Want to help us debug the problem(s) you observed?
Here are a few possible starting points:
- Search your relays in Atlas at https://atlas.torproject.org/, look at
the graphs at the bottom, and tell us at what times you think the
"consensus weight fraction" plot is totally off.
- Read Roger's blog post
https://blog.torproject.org/blog/lifecycle-of-a-new-relay and tell us
how much your findings overlap or do not overlap with the expectations
stated in that blog post.
- More ambitiously, download the vote documents from the metrics
website at https://metrics.torproject.org/data.html, find your relay in
the votes produced by bandwidth authorities, and tell us what unexpected
things you found while doing so.
- Even more ambitiously, read the bandwidth scanner spec at
https://gitweb.torproject.org/torflow.git/blob/HEAD:/NetworkScanners/BwAuthority/README.spec.txt
and tell us what data we could obtain from the bandwidth scanners to
further debug this problem.
Thanks!
All the best,
Karsten
On 1/10/14 9:37 AM, julien.robin28@xxxxxxx wrote:
> I had the same problem since begining of december on my ArachnideFR94
> server (88.191.192.25, service provider : Iliad - Online.net) :
> Consensus weight from more than 100,000 to brutally 6,000 and 20,000,
> after a few time rise up to 50,000, and brutally fall down back 3,000
> and 10,000 the following day, 30,000, 12,000, 8,000... after an
> entire month of bandwith never rising back and falling down even
> lower, after i tryed everything (create a new server identity, but
> after some weeks, same problem), seeing worst and worst, end of
> november my bandwith was about 20MB/s (sometimes into the top 5 of
> the world biggest servers !), it was about 0,9MB/s when I decided to
> close it.
>
> No problem of bandwith with the service provider, the bandwith graph
> were just starting to brutally go down a couple of minutes after the
> consensus weight brutally fall back. I was thinking it was because
> too many tor relays are running on this service provider (since end
> of July, 2013, Tor relays are accepted by this service provider and
> the service provider also opened to internationnal with interesting
> prices).
>
> And I have no problem with my 2 others servers at "Digicube" service
> provider.
>
> If it can help !
>
> Best regards Julien ROBIN
>
> ----- Mail original ----- De: "starlight 2014q1"
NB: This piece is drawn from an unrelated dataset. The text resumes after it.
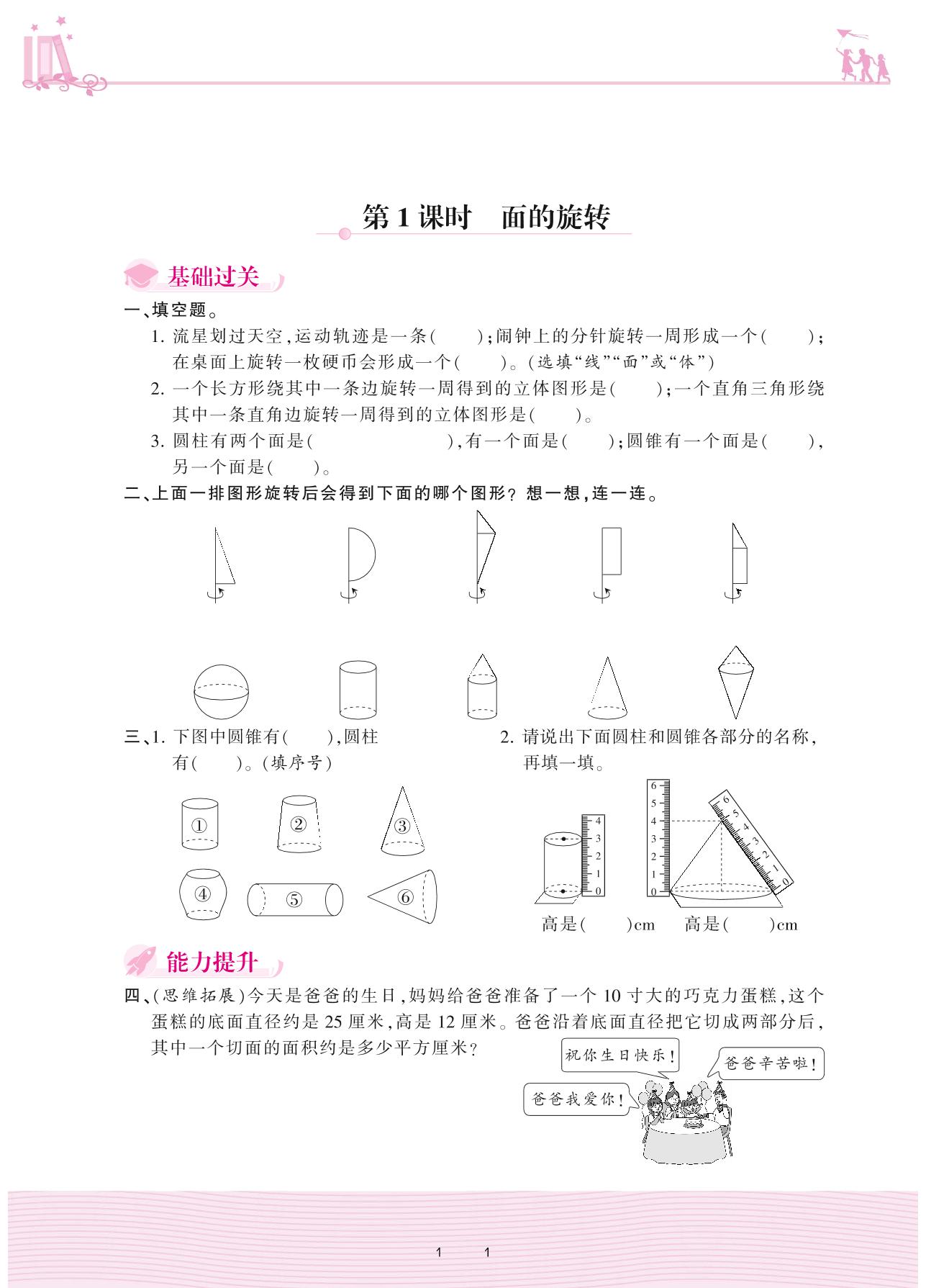 2021下册六年级数学北师版 一 圆柱与圆锥——第1课时 面的旋转

> <starlight.2014q1@xxxxxxxxxxx> Ã: tor-relays@xxxxxxxxxxxxxxxxxxxx
> EnvoyÃ: Vendredi 10 Janvier 2014 05:49:20 Objet: [tor-relays]
> bandwidth authority algorithm is cracked
>
> The bandwidth authorities assign all kinds of wildly incorrect
> capacities to the Tor node here.
>
> The Tor relay software has been up for 45 days and has not been down
> for more than five minutes for three or four months.
>
> Occasional outages from the ISP mucking with their network, but
> nothing more than ten or fifteen minutes in any week.
>
> The local node bandwidth calculation is consistently 490-495
> Kbytes/sec. Very stable. Very consistent.
>
> The Tor bandwidth authorities assign values anywhere from 100
> Kbytes/sec to almost 700 Kbytes/sec in an oscillating pattern with a
> period of about one week.
>
> Something is seriously wrong with that.